Thanks alot for all the great comments guys! They'll be plenty of movies and pics to come


----------



## Triple L (Nov 1, 2005)

R.G.PEEL;1281733 said:


> Nice loader chad. do you have forks for it?


What goods a loader without a set of forks? Of course


----------



## Triple L (Nov 1, 2005)

1olddogtwo;1281741 said:


> we ran some of those for a couple of years with 14 footers.....nice machines overall


How'd they work out pushing a 14'?

Thats a big blade!

The 10-16 feels like enough blade for it, I hope it will push it with no issues... We'll see


----------



## bugthug (Oct 13, 2004)

looks real nice. Good luck with it.


----------



## 1olddogtwo (Aug 6, 2007)

Triple L;1281784 said:


> How'd they work out pushing a 14'?
> 
> Thats a big blade!
> 
> The 10-16 feels like enough blade for it, I hope it will push it with no issues... We'll see


 I never really push a snowfall with them, just used them from time to time on clean ups. I've been on lots and watched hold there own just fine most of the time. 14LD is big and 10LD is to small, i think 12LD would be perfect overall. I've never seen a 10/16 in person but i kind think the angle under a heavy load might push sideways abit.
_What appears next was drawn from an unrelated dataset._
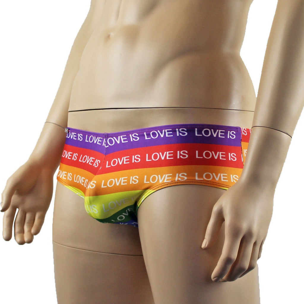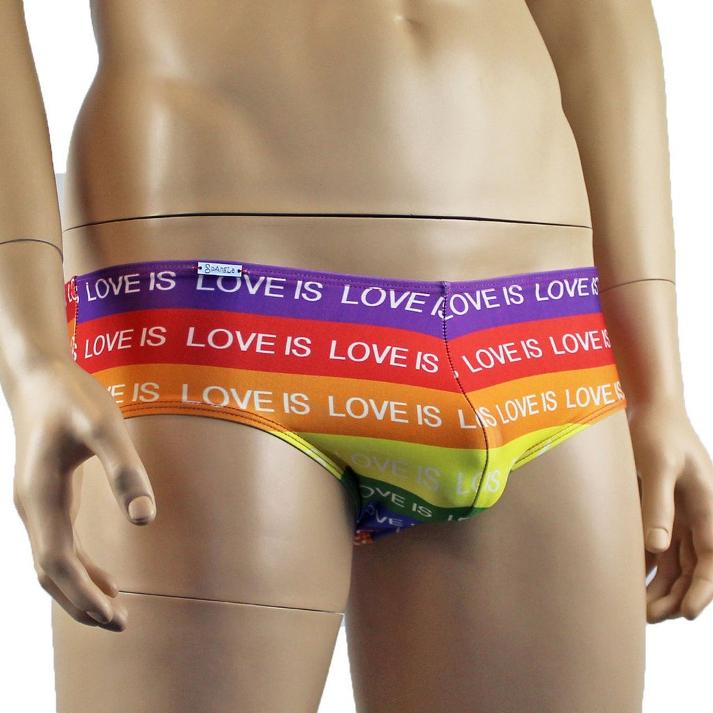 Mens stretch spandex lycra gay pride rainbow with Love is Love print low rise mini Boxer Briefs with contoured pouch front, has elastic around the waist and legs for strong support, it can be worn in the swimming pool too!

Does it a floating hitch ? { not trying to plug } All of Arctic's plows have floating hitch that real helps the power transfer to the ground.


----------



## Triple L (Nov 1, 2005)

No the hitch is solid...

Thanks for the info, thats good to know!


----------



## 1olddogtwo (Aug 6, 2007)

Its been two years since we last had them and the only dislike i remember hearing was the small fuel tank. Not sure why we didnt replace them, [entire fleet of SS type machines are replace new every year], They do have a fair bit speed to them and stack high.


----------



## mullis56 (Jul 12, 2005)

Nice machine Triple L.

1olddogtoo: Getting (2) of those skids Mon/Tues next week that get replaced! Can't wait! Makes (3) from them!


----------



## 1olddogtwo (Aug 6, 2007)

mullis56;1281797 said:


> Nice machine Triple L.
> 
> 1olddogtoo: Getting (2) of those skids Mon/Tues next week that get replaced! Can't wait! Makes (3) from them!
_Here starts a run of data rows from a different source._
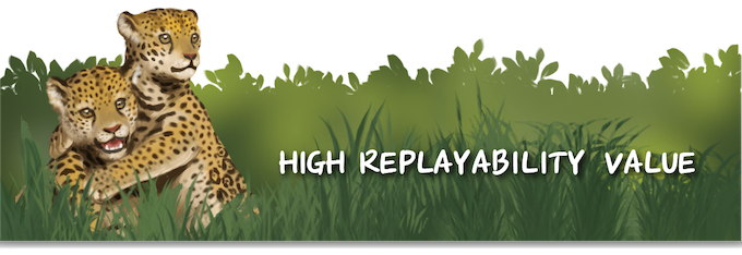 The 60,000 different ways to set up the Basic Animals and a variety of Unique Animals provides a different kind of fun for each game. At the end of the game, each player’s Jungle will vary in shape and size, all taking on a different form.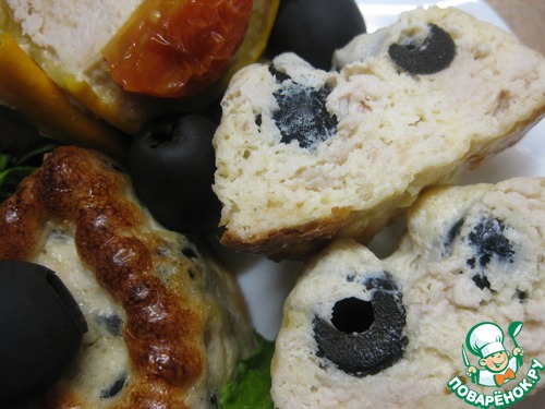 Две закуски почти из одних продуктов, - нежное куриное суфле с оливками внутри -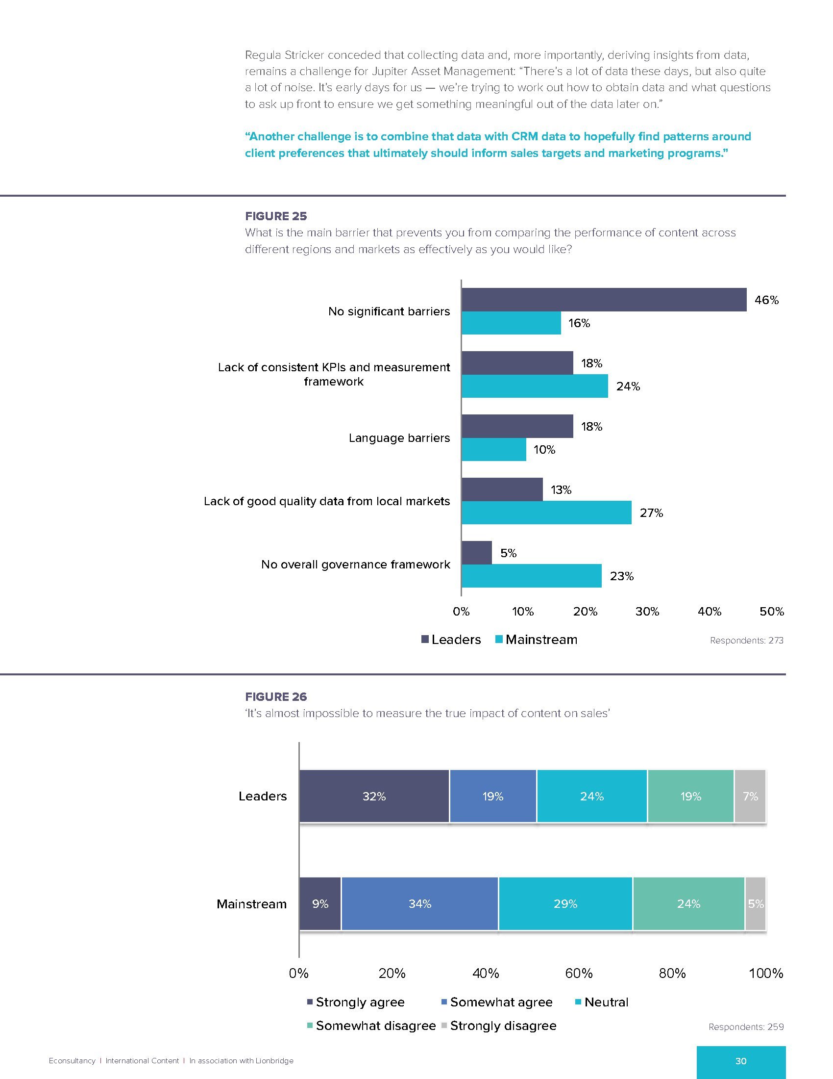 领袖企业也更可能将测量内容营销效果作为分析师的首要任务(46% vs. 23%)。

wow, i'll be looking for my commission check..just kidding. There should be about 80 SS going up for sale, if any one else is looking for some sent me a PM


----------



## Saliba (Oct 15, 2010)

Nice looking loader. A company plows a place next to one of our sites with the same set up. Works really good by the looks of it. I doubt you will have trouble pushing that, being that it weighs 12000, but i've never really run a loader in the snow so i may be wrong. Have fun with it!


----------



## RBRONKEMA GHTFD (Dec 17, 2006)

Thats awesome. Glad to hear. you don't see to many cat loaders around. Theres lots of Volvos, and deeres. If you don't mind me asking ya, what did it set you back? Blade, loader, attachments?


----------



## SNOWLORD (Aug 10, 2007)

Another nice thing about the newer cats is that they get up to speed very quickly from a stop. Probably the quickest out there. This really shortens up the time at a site.


----------



## R.G.PEEL (Oct 27, 2010)

chad, I agree with the slip hitch, you seem handy with the fab work. They're not diffcult to make and then the blade rocks the proper angle all the time.


----------



## JD Dave (Mar 20, 2007)

R.G.PEEL;1281833 said:


> chad, I agree with the slip hitch, you seem handy with the fab work. They're not diffcult to make and then the blade rocks the proper angle all the time.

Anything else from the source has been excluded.